5 Guardians the front office needs to extend by the start of next season 

Time to open up the checkbook.
Cleveland Guardians v Detroit Tigers
Cleveland Guardians v Detroit Tigers | Duane Burleson/GettyImages

Every year, the Guardians always seem to ink some member of their core to a contract extension. In 2022, José Ramírez holed up in the visiting manager’s office at Chase Field to finalize the most-important extension in team history (they also inked Myles Straw and Emmanuel Clase to extensions that spring)

A year later, it was Andrés Giménez and Trevor Stephan’s turn. Although the front office left Goodyear in 2024 without making a deal, they wasted no time this spring by signing Tanner Bibee to a five-year extension

Normally extension talk is reserved for that spring window, but it’s been the topic du jour for Guardians fans over the past couple months due to Steven Kwan’s eventful foray through this year's trade deadline.

With all of that in mind, here are five Guardians who the front office needs to lock down before the start of the 2026 season.  

5 Guardians the front office needs to extend by the start of next season 

Steven Kwan
Free agent after the 2027 season 

Kwan is the most ready-made player for an extension on Cleveland’s roster. He’s young, has a proven track record and has become a fan favorite and leader in the clubhouse. But, at this point, the deciding factor could come down to how much the Guardians are willing to spend on him. 

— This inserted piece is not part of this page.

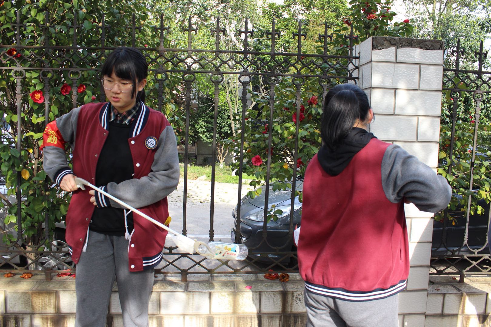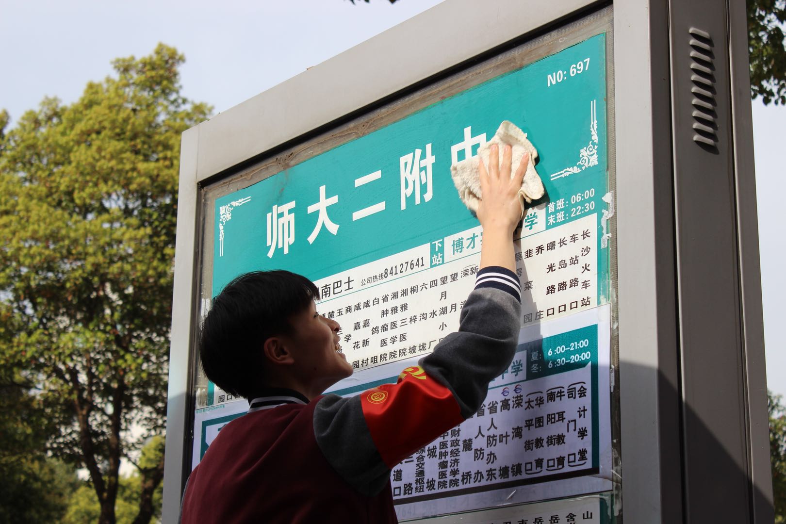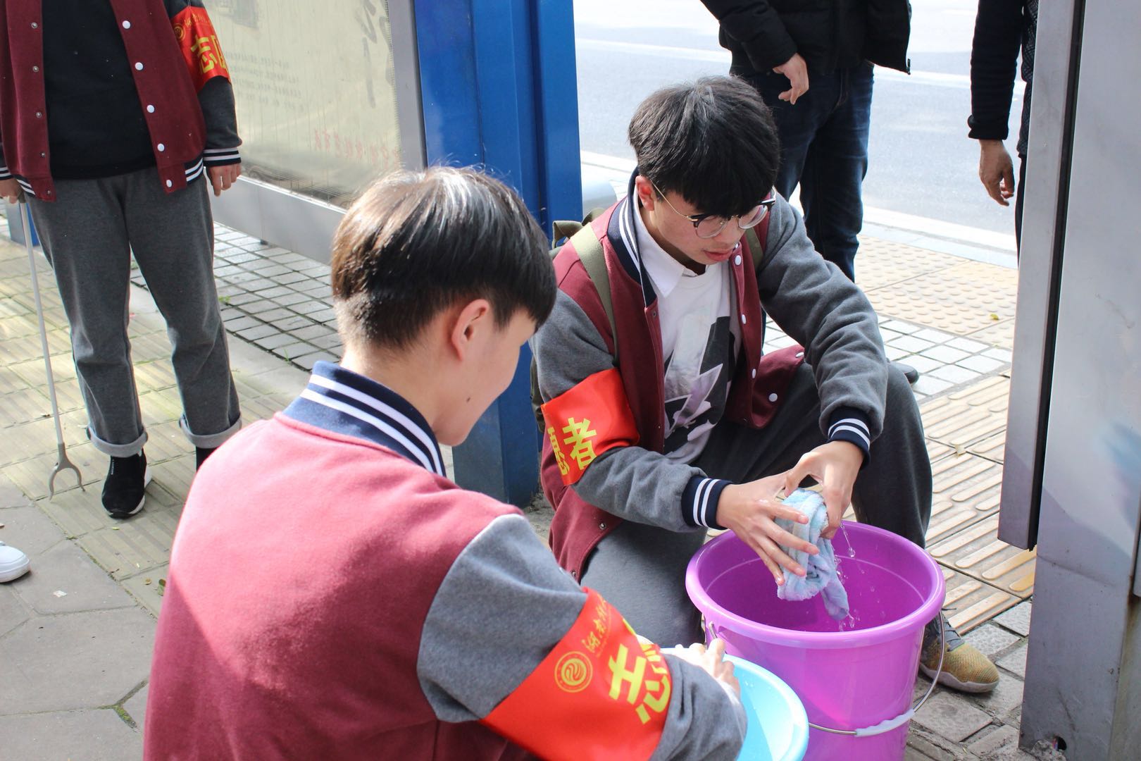 学生志愿者们在麓丰社区文明专干黄宇、团委书记王成老师的带领下,兵分几路,对街边广告展板、果皮纸屑、污泥积水、枯枝烂叶进行全面清理。学生们捡拾白色垃圾和落叶、清理擦拭公交站牌,打扫公共卫生,为城市卫生贡献自己的力量,也用实际行动向社会宣传了“蓝天保卫战”,带动更多人参与城市环保活动。

Ramírez’s extension still stands as the biggest contract in franchise history, but it seems like any potential Kwan extension has a chance to eclipse that. He’s done nothing but hit since joining the Guardians (.285 career batting average) and has become one of the best defensive outfielders in the game. 

While Ramírez’s contract was like water in an oasis for Guardians fans, the calluses are still there from all the other times the franchise traded away star players instead of extending them. Kwan has a chance to join that list. 

Gavin Williams
Free agent after the 2029 season

Williams cleared up any doubts as to whether he was the ace of the Guardians’ staff on Wednesday when he came tantalizingly close to tossing a no-hitter against the Mets.

While he showed flashes of dominance during his rookie campaign in 2023, he took a big step back last season due in large part to an elbow injury he suffered during spring training. Well, he’s fully healthy this year and showing exactly how good he can be.

Although he still offers too many free passes (MLB-leading 66 walks), he’s attacking the strike zone with more conviction and is beginning to look more like a major league pitcher, not just a guy who throws the ball hard. 

Williams seems to be implementing everything the Guardians are teaching him, and it’s paying off with on-field success. 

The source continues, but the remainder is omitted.